A fundamental question in neuroscience is how the brain creates an internal model of the world to guide actions using sequences of ambiguous sensory information. This is naturally formulated as a reinforcement learning problem under partial observations, where an agent must estimate relevant latent variables in the world from its evidence, anticipate possible future states, and choose actions that optimize total expected reward. This problem can be solved by control theory, which allows us to find the optimal actions for a given system dynamics and objective function. However, animals often appear to behave suboptimally. Why? We hypothesize that animals have their own flawed internal model of the world, and choose actions with the highest expected subjective reward according to that flawed model. We describe this behavior as rational but not optimal. The problem of Inverse Rational Control (IRC) aims to identify which internal model would best explain an agent's actions. Our contribution here generalizes past work on Inverse Rational Control which solved this problem for discrete control in partially observable Markov decision processes.
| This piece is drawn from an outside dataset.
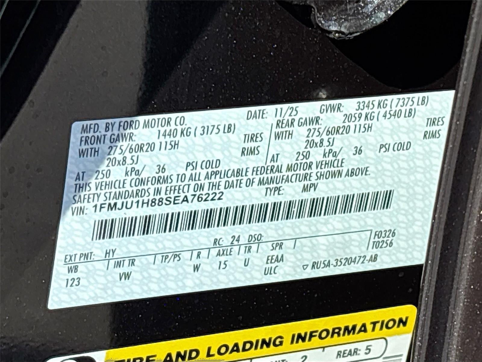 - Includes vehicle with standard equipment, Ford Co-Pilot360 Active 2.0, intersection assist, driver state detection, BlueCruise equipped (90-day trial), flex powered console, front side laminated glass, power tilt/telescoping steering column with memory, power panoramic Vista Roof with power shade, Ford split gate with power upper liftgate and power lower tailgate, third row flexible seating, 360-degree zone lighting, illuminated rear spoiler, power-folding second row captains chairs with armrests and tip-and-slide, first and second row ActiveX seating material, memory driver seat, 4-door Intelligent Access (lock/unlock), 110V/400W AC power outlet - one (1) console and one (1) cargo area, USB ports - one (1) C + C in cargo area, 20 inch x 8.5 inch Carbonized Gray bright machined aluminum wheels, P275/60R20 all season tires, heated steering wheel, dual power-folding sideview mirrors with autofold, heated glass, ground illuminator, driver/passenger sideview mirror memory, rain sensitive windshield wipers, heated front row seats, SecuriCode keyless entry keypad, third row vinyl seats with remote power-folding head restraints, universal garage door opener (UGDO), and wireless charging pad in front media hub.

Here we accommodate continuous nonlinear dynamics and continuous actions, and impute sensory observations corrupted by unknown noise that is private to the animal. We first build an optimal Bayesian agent that learns an optimal policy generalized over the entire model space of dynamics and subjective rewards using deep reinforcement learning. Crucially, this allows us to compute a likelihood over models for experimentally observable action trajectories acquired from a suboptimal agent. We then find the model parameters that maximize the likelihood using gradient ascent.